How do you differentiate  y =2x^3(x^3 - 3)^4  using the chain rule?

Jul 26, 2016

$\frac{\mathrm{dy}}{\mathrm{dx}} = 6 {x}^{2} {\left({x}^{3} - 3\right)}^{4} + 24 {x}^{5} {\left({x}^{3} - 3\right)}^{3}$

Explanation:

This problem actually requires the application of both the product rule and the chain rule.
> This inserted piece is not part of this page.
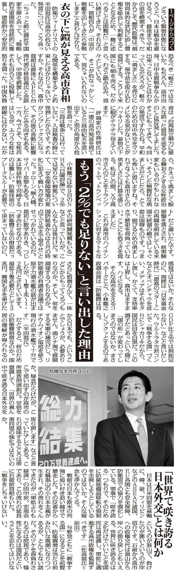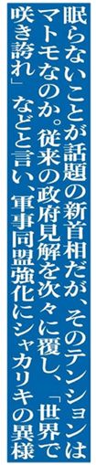 眠らないことが話題の新首相だが、そのテンションはマトモなのか。従来の政府見解を次々に覆し、「世界で咲き誇れ」などと言い、軍事同盟強化にシャカリキの異様。タカ派の政調会長とコンビを組み、軍拡大増税に突き進む危うさを野党は果たして止められるのか。

The product rule states that
$\frac{d}{\mathrm{dx}} f \left(x\right) g \left(x\right) = f ' \left(x\right) g \left(x\right) + f \left(x\right) g ' \left(x\right)$

And the chain rule states that
$\frac{d}{\mathrm{dx}} f \left(g \left(x\right)\right) = f ' \left(g \left(x\right)\right) g ' \left(x\right)$

We'll start by applying the product rule:
$\frac{\mathrm{dy}}{\mathrm{dx}} = 6 {x}^{2} {\left({x}^{3} - 3\right)}^{4} + 2 {x}^{3} \left(\frac{d}{\mathrm{dx}} {\left({x}^{3} - 3\right)}^{4}\right)$

Now we use the chain rule to differentiate the parenthetical term:
$= 6 {x}^{2} {\left({x}^{3} - 3\right)}^{4} + 2 {x}^{3} \left(4 {\left({x}^{3} - 3\right)}^{3} \cdot 3 {x}^{2}\right)$

We can simplify a bit to make things cleaner and combine terms:
$= 6 {x}^{2} {\left({x}^{3} - 3\right)}^{4} + 24 {x}^{5} {\left({x}^{3} - 3\right)}^{3}$